● **ASSIGNMENT**
Copy each line below as it stands, but skip any picture it contains.

[[ DATA EXTRACT open ]]

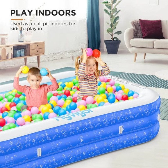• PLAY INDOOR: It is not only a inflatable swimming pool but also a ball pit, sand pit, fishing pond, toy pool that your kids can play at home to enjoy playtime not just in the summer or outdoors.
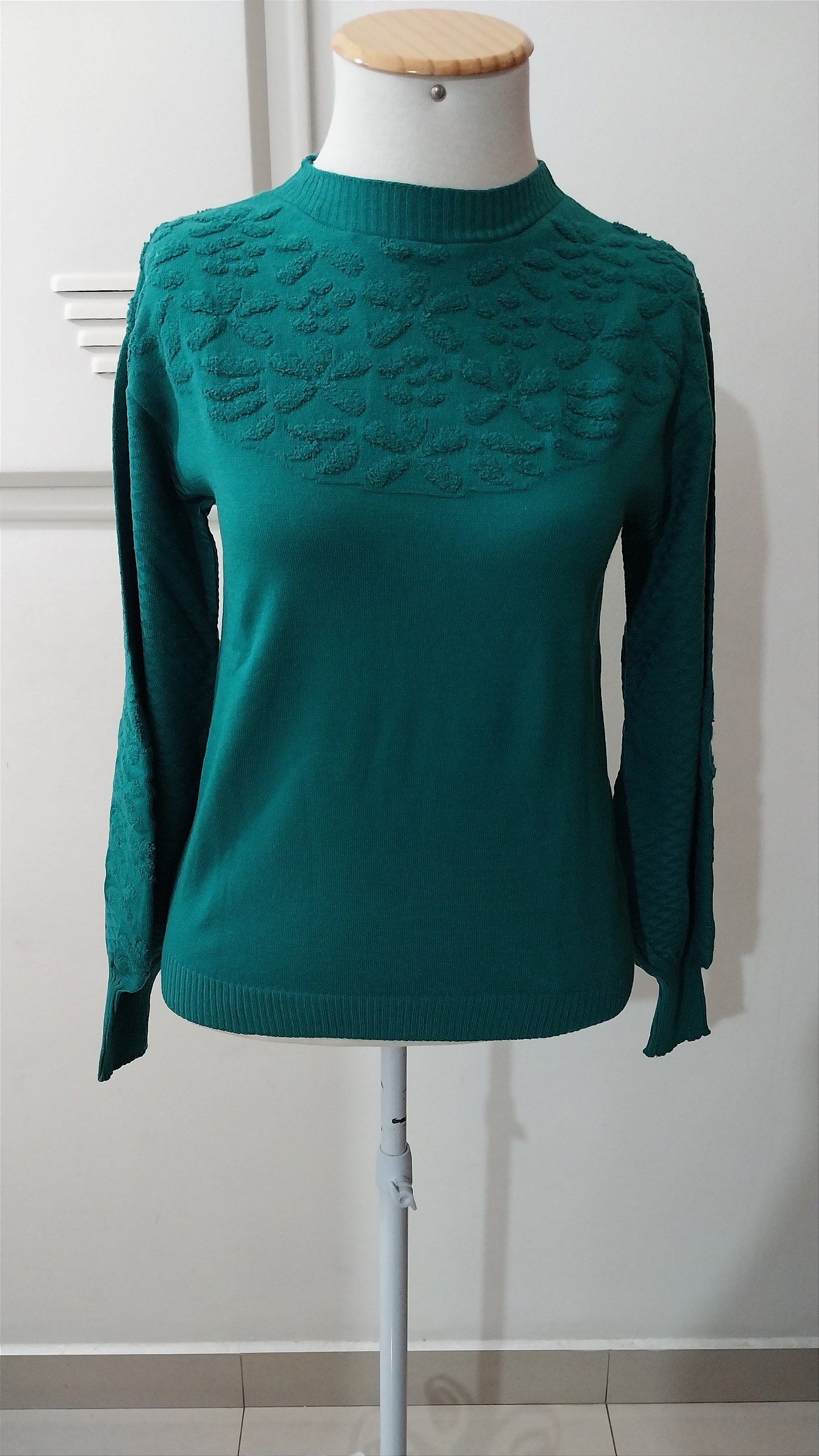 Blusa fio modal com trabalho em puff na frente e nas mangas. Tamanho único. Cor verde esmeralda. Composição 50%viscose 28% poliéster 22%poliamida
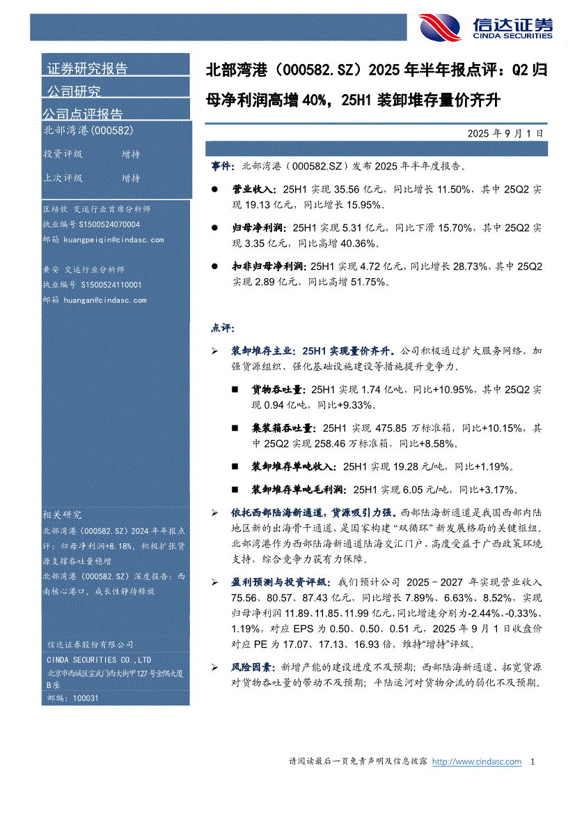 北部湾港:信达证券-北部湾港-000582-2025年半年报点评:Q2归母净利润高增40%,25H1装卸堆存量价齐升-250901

[[ DATA EXTRACT closed ]]

● **TASK RESULT**
• PLAY INDOOR: It is not only a inflatable swimming pool but also a ball pit, sand pit, fishing pond, toy pool that your kids can play at home to enjoy playtime not just in the summer or outdoors.
 Blusa fio modal com trabalho em puff na frente e nas mangas. Tamanho único. Cor verde esmeralda. Composição 50%viscose 28% poliéster 22%poliamida
 北部湾港:信达证券-北部湾港-000582-2025年半年报点评:Q2归母净利润高增40%,25H1装卸堆存量价齐升-250901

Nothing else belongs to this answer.